Since 2010, Architecture Workroom Brussels has focused on the future of our living environment. The organisation began as a safe haven to address the link between space and societal transitions, aimed at fostering a futureproof design practice, commissioning and building culture.

It has now become evident that the transformation of our streets, neighbourhoods, and landscapes is both a prerequisite and a lever for achieving societal goals in synergy. Yet we observe that these transformations remain difficult to imagine and implement. They span so many sectors and involve so many actors that responsibility falls on everyone, and therefore, ultimately, on no one.

That is why we make it our mission to create the space that connects them. And with this refined mission comes a new name: WORKROOM, House for transformation. WORKROOM is the shared space where the future of our living environment is not only imagined but also organised.

We are currently taking the lead on three mission-driven transformations:

  • SOCIETAL INCUBATORS - By 2030, stakeholders from the youth, culture, sports, care and education sectors will join forces to create renewed societal spaces that tackle loneliness and counteract the fragmentation and pressure on public infrastructure.
  • FOSSIL-FREE NEIGHBOURHOODS - By 2030, at least ten neighbourhoods will be underway with the transition to fossil-free energy in an inclusive and affordable way, with a view to completely phase-out fossil fuels by 2040.
  • SPONGE LANDSCAPES - By 2030, we will have achieved our water, agriculture and nature goals through a single, coherent approach at catchment area level, in which strong regional coalitions collectively enhance the landscape's sponge capacity.

To make these transformations a reality, WORKROOM works shoulder to shoulder with pioneering designers, local authorities, organisations and businesses, governments, knowledge institutions and impact investors.

Through co-creative design, we imagine shared pathways to the future in exhibitions, publications, innovation programmes and public programmes.
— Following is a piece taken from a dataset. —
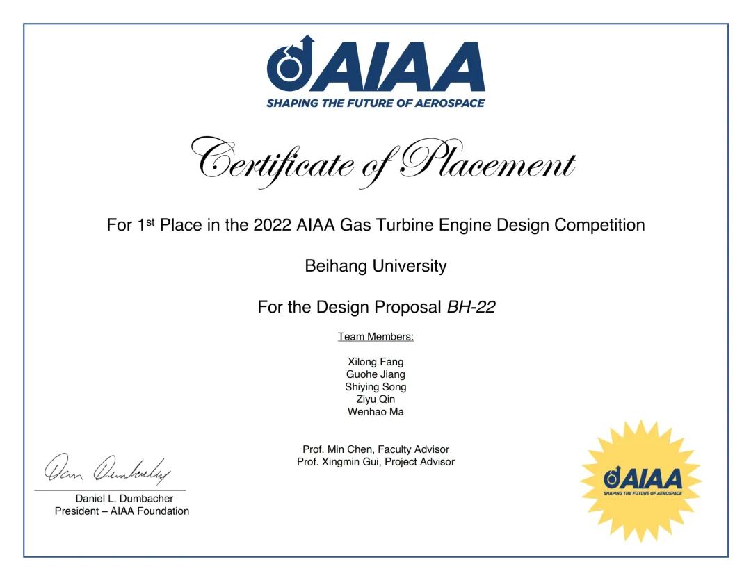 2022年10月17日,北航304永利集团2018级本科生方玺龙、姜国河、宋世英、覃子宇、马文豪在指导教师陈敏教授、桂幸民教授的精心指导下,经过6个月的辛苦准备,在美国航空航天学会American Institute of Aeronautics and Astronautics(AIAA)国际本科生航空发动机设计大赛中获得冠军,这是自2017年以来,北航学子在此项赛事中第三次闯入决赛,第二次获得冠军。

These are the workrooms where we connect the actors capable of realising these transformations. From there, we design shared ownership and the organisational, funding and policy models that lead to real change.

The name is simpler. The stakes are higher. WORKROOM is the shared space where we tackle the social and spatial transformations that no one can achieve alone. In an era of polarisation, compartmentalisation and instability, that is perhaps the most radical thing we can do.